The heuristic is short: reach for specialised compute only when the CPU genuinely can’t keep up. Specialised silicon is faster or more efficient on its niche, but it costs more, often draws its own power budget, and — for FPGAs and ASICs especially — takes far more effort to develop for.

So weigh the same three forces every hardware decision comes down to: cost, power, and performance, plus the development effort a harder-to-program chip demands. If a CPU meets your needs, use it — it’s the cheapest to build for and the easiest to change. Move to a GPU, FPGA, or accelerator when a real bottleneck forces the trade, not before.

Quick check: you need a deterministic, low-latency filter running right at the antenna before samples ever hit the PC. Which chip is the best fit?

Recap

  • The CPU is a versatile generalist — a few fast cores that run any code well, but struggle with massively parallel math and hard real-time timing.
  • GPUs bring thousands of small cores for wide, data-parallel math — graphics, general compute, and the engine of modern AI — but are poor at branchy serial logic.
  • FPGAs are reconfigurable hardware: you wire them into a custom circuit for deterministic, low-latency processing, at the cost of harder (HDL) development.
  • DSPs and ASICs/NPUs/TPUs fill out a spectrum from CPU to fixed-function silicon that trades flexibility for efficiency.
  • SDR reality check — the high end may use an FPGA or GPU, but a well-written CPU pipeline like GopherTrunk’s decodes trunked voice on a plain laptop or a Raspberry Pi.
  • Choosing — reach past the CPU only when it can’t keep up, weighing cost, power, and development effort.

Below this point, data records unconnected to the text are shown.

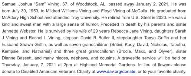 Obituary for Samuel Joshua Vining (from website of McCalla [Alabama] Memorial Funeral Home):
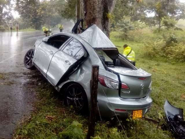 Un aparatoso accidente se registró en jurisdicción del corregimiento de Guarumo, Cáceres en la mañana de este viernes 27 de julio, luego de que un vehiculo en el que se movilizaban dos personas chocara contra un árbol a la orilla de la troncal de Occidente.
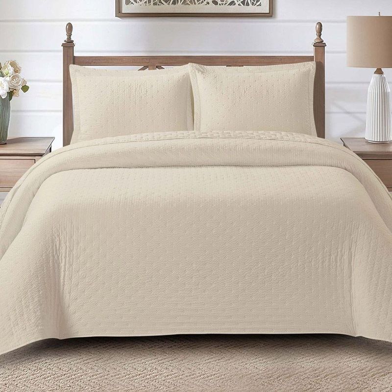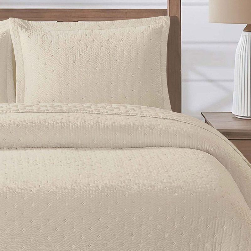 Kit Cobre Leito Colcha Casa Scarpa Anabela Queen Dupla Face Texturizado Percal 300 Fios 3 Peças - Bege - 100% Poliéster

Next up: with every kind of processor named, we can lay all the platforms on one map — the hardware spectrum, cloud to microcontroller.

Frequently asked questions

What's the difference between a CPU and a GPU?

A CPU has a few powerful cores optimised for running any kind of code fast, including branchy, decision-heavy logic. A GPU has thousands of small, simple cores that all do the same operation on different data at once. The CPU is the versatile generalist; the GPU is a specialist that wins big on wide, repetitive math — image processing, physics, and the matrix multiplications behind modern AI — but is poor at serial, branchy work.

What is an FPGA?

An FPGA (field-programmable gate array) is a chip you can rewire into a custom digital circuit after it’s manufactured. Instead of running software on a fixed processor, you describe hardware — filters, counters, decoders — and the FPGA becomes that circuit. The payoff is deterministic, low-latency, massively parallel processing, which is why high-end SDRs use one to filter and decimate samples right at the antenna before a PC ever sees them. The cost is that FPGAs are much harder to program than ordinary computers.

Do I need a GPU for SDR?

Almost certainly not. Most SDR decoding, GopherTrunk included, runs entirely on the CPU and decodes trunked voice comfortably on an ordinary laptop or even a Raspberry Pi. GPUs and FPGAs matter only at the high end — very wide bandwidths, many channels at once, or heavy real-time DSP research. A well-written CPU pipeline covers the everyday case.

What is an AI accelerator or NPU?

An AI accelerator is silicon built specifically for the math machine-learning models use — mostly large matrix multiplications. An NPU (neural processing unit) is one built into a phone or laptop chip; a TPU (tensor processing unit) is Google’s data-centre version. They do far less than a general CPU but run neural-network math faster and with much lower power, which is why they’re increasingly baked into everyday devices.